Photo courtesy of Washington Post

The scandal at Penn State has been one of the saddest news stories of the year.  I know some Penn State alumni and even family members of some who have played football there.   Their uniform impression was that the football program at Penn State was a character-building program with high values almost in direct opposition to the media-driven portrayal that followed the accusations.  The picture played out in the press was one that suggested a culture of corruption where even the most heinous of crimes were routinely swept under the rug.  Most of my Penn State friends have been in shock.  Paterno was summarily dismissed for ‘not doing enough.’   I can remember thinking how one decision made almost a decade ago will be remembered more than a lifetime of trying to build a program that had character, true student athletes and could make their university proud.

Actually the existence of a predator in an upstanding program is not all that surprising.  M. Scott Peck, in his book People of the Lie, noted that evil folks tend to be attracted to places of upstanding values and churches because that is the last place people would think to look for them.  This is the reason that more and more churches perform background checks on everyone who is going to work with children or youth.

I received an email article from “Church Volunteer Central” that the Washington Post was publishing an interview with Joe Paterno.  It was the only one he granted after the scandal and before his death.   In the article I caught a glimpse of the heart of the man.  He said,

“I didn’t know exactly how to handle it and I was afraid to do something that might jeopardize what the university procedure was.  So I backed away and turned it over to some other people, people I thought would have a little more expertise than I did. It didn’t work out that way.”

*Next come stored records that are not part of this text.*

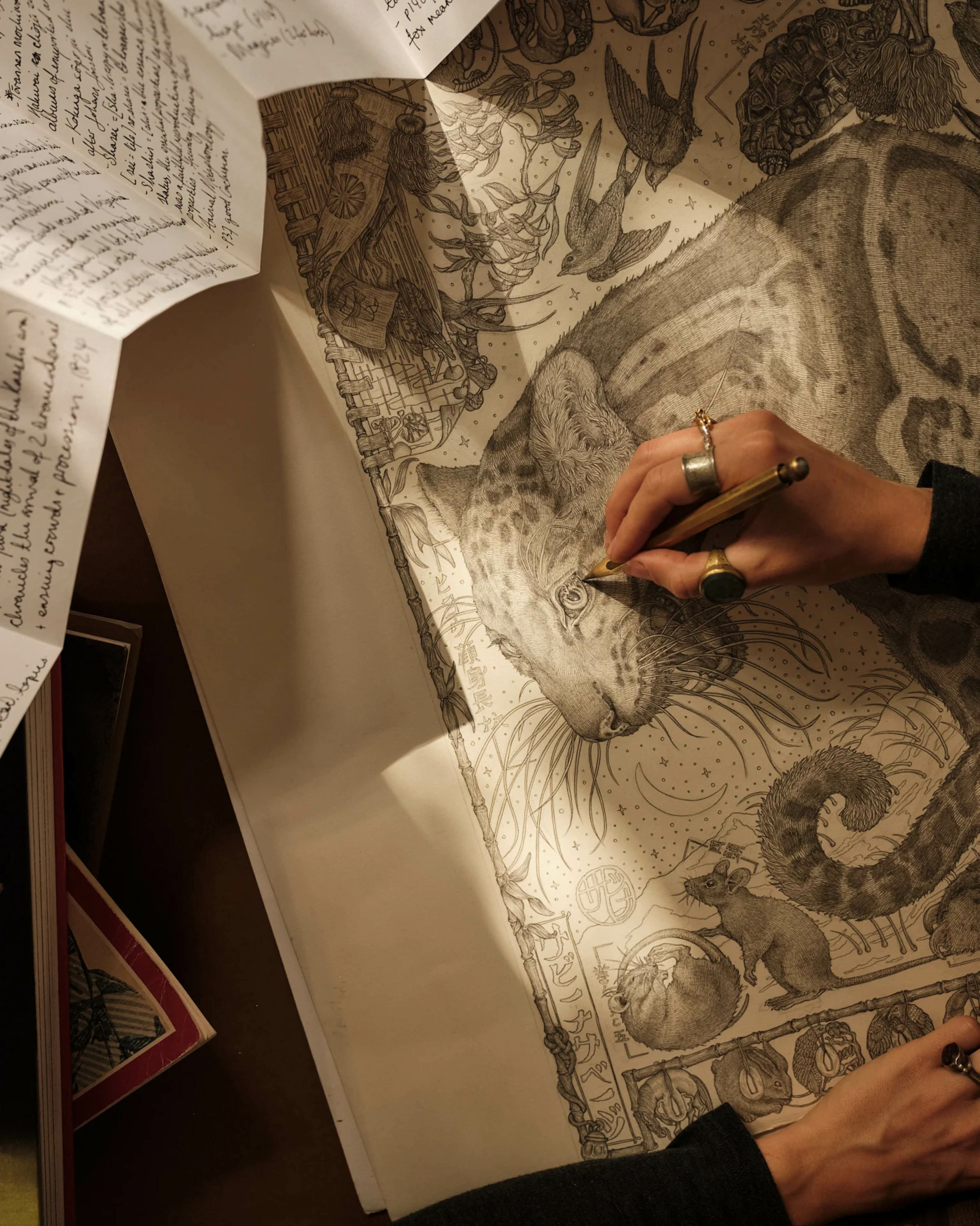 “This collection was inspired by the moralistic fables of the Panchatantra, specifically, ‘The Tiger, The Brahmin and The Jackal’, ‘The Bird Pair and The Sea’, and ‘How the Rabbits Fooled the Elephant’. The India Company School paintings were a great influence, particularly works by The Fraser Brothers and Ustad Mansur. Many details from the Padshahnama manuscript and the Gazi Scroll are also referenced, alongside exquisite Mughal miniatures and the Shah Jahan Album.” –Sabina Savage on the collection
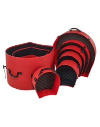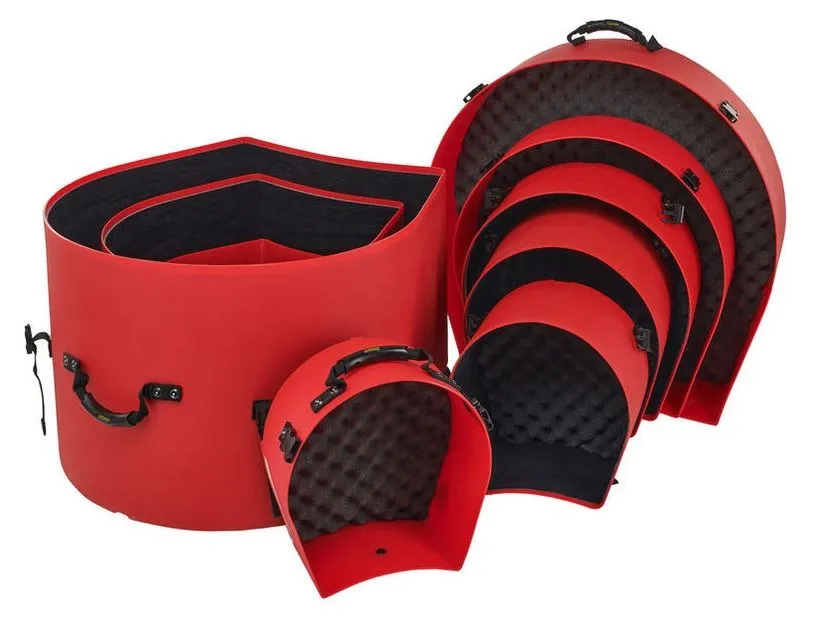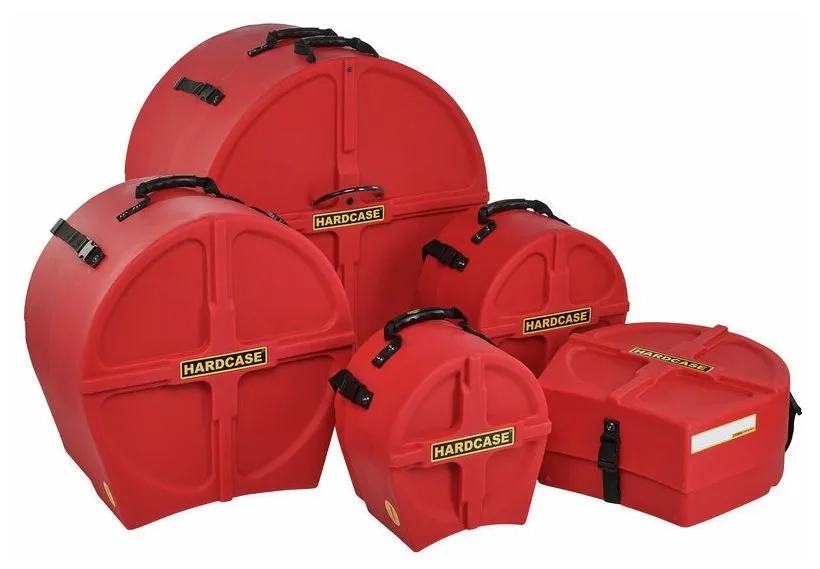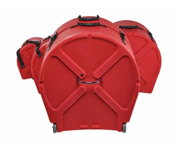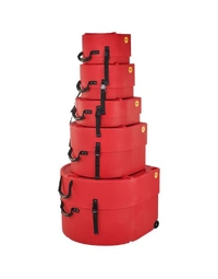 The Hardcase HROCKFUS(3) Lined Series in Red delivers tough, road-ready protection for drummers who need their gear to withstand constant transport. Made in the UK from high-impact polyethylene, each case offers strong splash-proof defence and a fully lined interior that safeguards shells and hardware. Practical touches include vented lids, comfy carry and pull handles, secure 30mm webbing, and reliable clips for a tight closure. The set is fully stackable for easy storage, and the bass drum case features wheels to make moving larger drums effortless.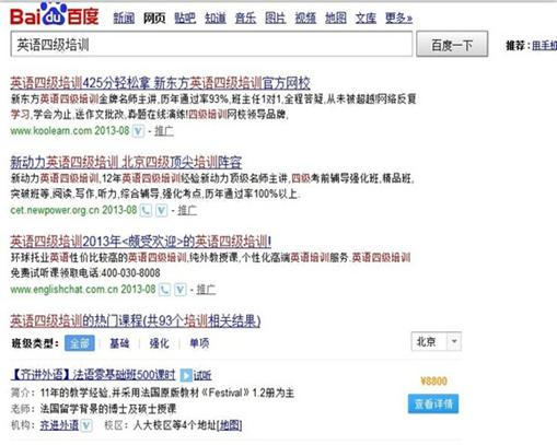 测试期最大的问题在于,由于前期参与竞价的机构少,为了展现知心的框式结构,知心系统会进行宽泛匹配,如搜索“英语四级培训”的词会匹配出“法语培训”的课程来。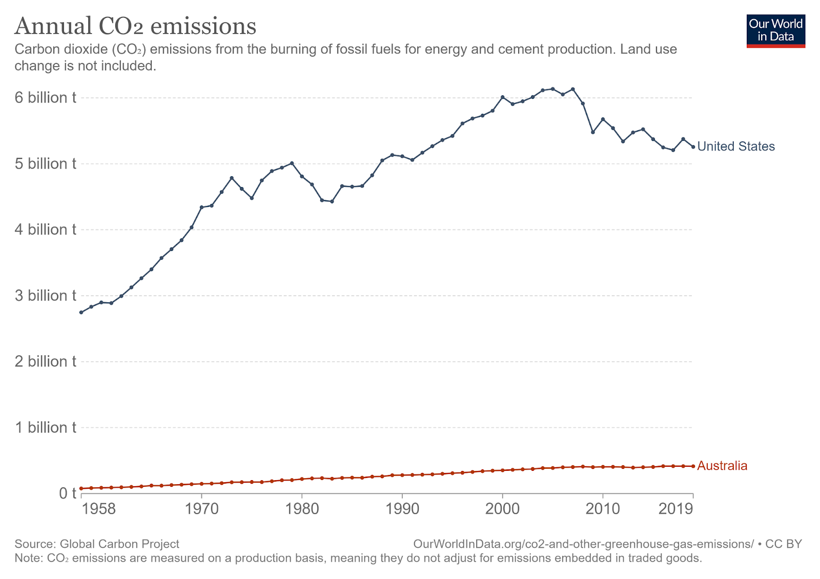 Figure 1: Annual CO2 emissions between 1958 and 2019 in the United States and Australia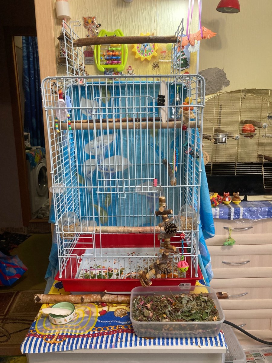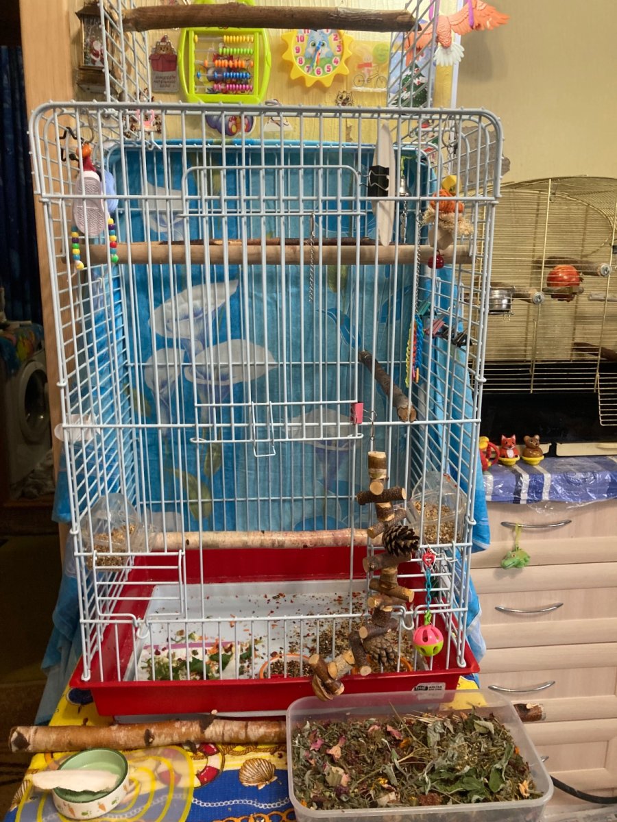 На дно клетки поставить сетчатый поддон который был в комплекте с клеткой.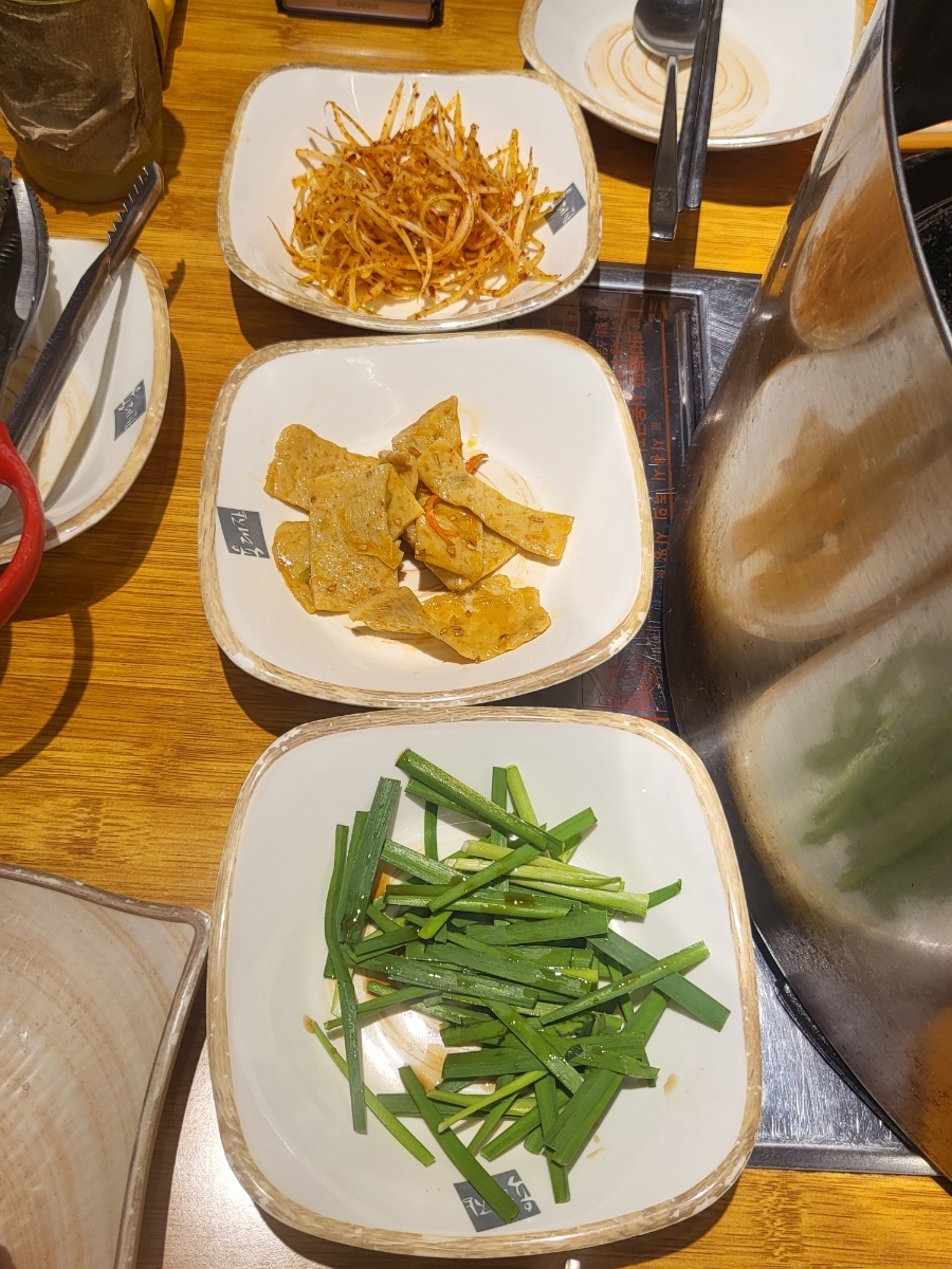 있었고 사이드메뉴로 전통솥칼국수, 전통 솥 김치알밥 볶음밥, 미나리, 두부가 준비되어 있네요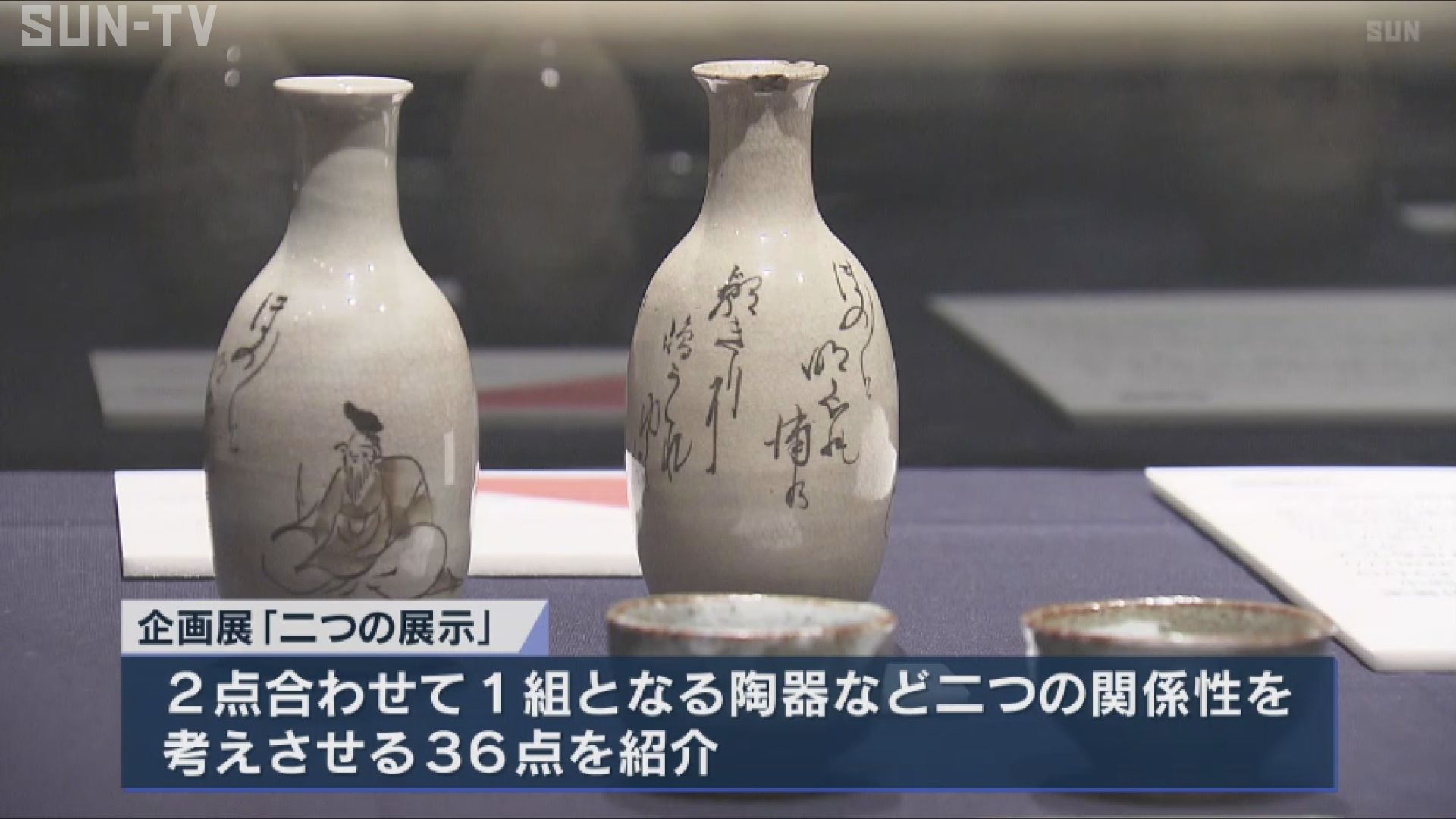この展覧会は、収蔵品の中から明石ゆかりの作家の作品を中心に、二つのモチーフが描かれた日本画や、2点合わせて1組となる陶器など、二つの関係性を考えさせる36点を紹介しています。

The article goes on to point out that “Paterno is accused of no wrongdoing, and in fact authorities have said he fulfilled his legal obligations by reporting to his superiors.”   A friend this last week who deals with these kinds of issues said that Paterno did, in his opinion, exactly what most laws and policies require; he reported that an accusation had been made.  In the days ahead we may find that the rush to judgment in a natural aversion to some apparently hideous crimes may have unfairly hurt someone who did exactly what he was supposed to do.  Our cultural condemnation of Joe Paterno may be more about our own frustration that policies and processes cannot completely eliminate predatory behaviors.  That does not mean we should not steadfastly try, but it is interesting how we can chew up people in our frustration with our own shortcomings.

Oswald Chambers, in the daily reading for January 24 in My Utmost for His Highest challenged me to make sure ‘to look for God.’   I must confess that too often when I am in a position like Joe Paterno found himself in, I too don’t know what to do.  I don’t know if Joe prayed or looked for God or just read the policy manual for Penn State when he didn’t know what to do.  I recognize that all of us reach times when we don’t know what to do.  Those are the times when we need to follow Oswald Chambers’ advise to look for God—or at least His guidance.

In a world where a decision from ten years ago can be brought back up and critiqued to the point where one is relieved of a job before any investigation takes place, I am grateful as well for the promise of a God who says I don’t need to be perfect.  In fact, He invites me to recognize that I am broken.   In looking for God, I hope I (or we) can be people who try to do the right thing even knowing we won’t get it right all the time.  I also hope I can be a part of a people who exhibit and nurture forgiveness.  I’m grateful that God looks at each of us that way and chooses to love us more intently than we’ve ever been loved.